— Assignment —
In the data below, find the line containing "Here it is on", then set down that line and every later line up to and including the line containing "Čokolada s slanimi", exactly.

— Given records —
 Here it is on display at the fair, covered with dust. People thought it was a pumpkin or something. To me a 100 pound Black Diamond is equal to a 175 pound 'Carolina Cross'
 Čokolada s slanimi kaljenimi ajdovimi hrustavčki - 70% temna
--
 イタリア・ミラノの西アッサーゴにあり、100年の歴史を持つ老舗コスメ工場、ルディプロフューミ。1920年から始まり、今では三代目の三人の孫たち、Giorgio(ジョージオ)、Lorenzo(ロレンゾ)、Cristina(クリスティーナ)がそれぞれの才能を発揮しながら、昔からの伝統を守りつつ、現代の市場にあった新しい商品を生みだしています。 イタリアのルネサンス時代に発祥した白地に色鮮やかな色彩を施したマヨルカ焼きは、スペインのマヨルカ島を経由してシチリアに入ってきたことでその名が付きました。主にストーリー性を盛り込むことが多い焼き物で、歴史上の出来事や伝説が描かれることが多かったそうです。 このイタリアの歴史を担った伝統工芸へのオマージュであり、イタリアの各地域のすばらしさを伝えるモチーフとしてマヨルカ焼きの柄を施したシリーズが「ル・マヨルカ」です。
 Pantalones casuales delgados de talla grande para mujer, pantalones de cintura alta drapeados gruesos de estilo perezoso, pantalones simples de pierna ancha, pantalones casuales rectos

— Response area —
 Here it is on display at the fair, covered with dust. People thought it was a pumpkin or something. To me a 100 pound Black Diamond is equal to a 175 pound 'Carolina Cross'
 Čokolada s slanimi kaljenimi ajdovimi hrustavčki - 70% temna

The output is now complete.